Attendre une heure, sinon plus, même sous la pluie.
Certains braves se présentent à l’entrée sans réservation.
Sur le trottoirs, devant le seuil et bien au-delà, les badauds s’entassent, attendent que leur nom soit pigé.
Les jointures blanchies à serrer leurs bouteilles de vin.

Les passants doivent contourner par la rue, malgré son tumulte, malgré le brusque mouvement des taxis.
D’autres se faufilent, avec adresse, et s’amusent un peu à la vue d’une telle foule.
Mais qu’est-ce qui peut bien attirer autant de gens à cet endroit?

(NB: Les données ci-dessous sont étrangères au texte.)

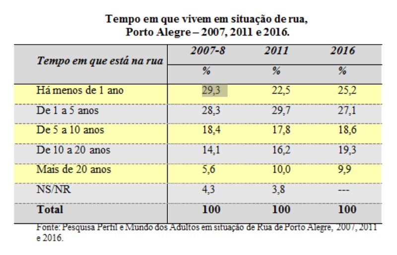 Metade dessa população afirmou ter nascido em Porto Alegre, percentual quase 10% maior que em 2007. Houve diminuição do percentual de população feminina de cerca de 20% para cerca de 14%, ou 242 pessoas em 2016. O tempo de moradia em Porto Alegre aumentou, e o tempo que está na rua, também. O tempo de rua é muito importante para políticas de atendimentos a suas demandas, pois quanto maior este tempo, maior o vínculo que estabelecem no sentido de construírem condições e artimanhas de sobrevivência e de segurança. Depois de alguns anos, há perda de vínculos, sobretudo com seu meio de origem e de hábitos, e aquisição de novos vínculos e hábitos. Com o tempo, aprendem as artimanhas desse modo de vida e se ajustam a elas, e passam a reivindicar a partir dessa condição.

On parle fort, en tout cas, la faim nous gagne, on s’énerve un peu.
Certains profitent de l’effervescence subite de ce lieu pour s’arrêter et tendre la casquette.
Parait que les vendredis et samedis sont soirs de guerre pour ceux-là, aux intersections dites branchées.
Pourtant, rien ne mord.

Et c’est vers 1h00 du matin, s’ils ont patiemment dérivé d’un trottoir à un autre, qu’ils obtiendront quelque chose.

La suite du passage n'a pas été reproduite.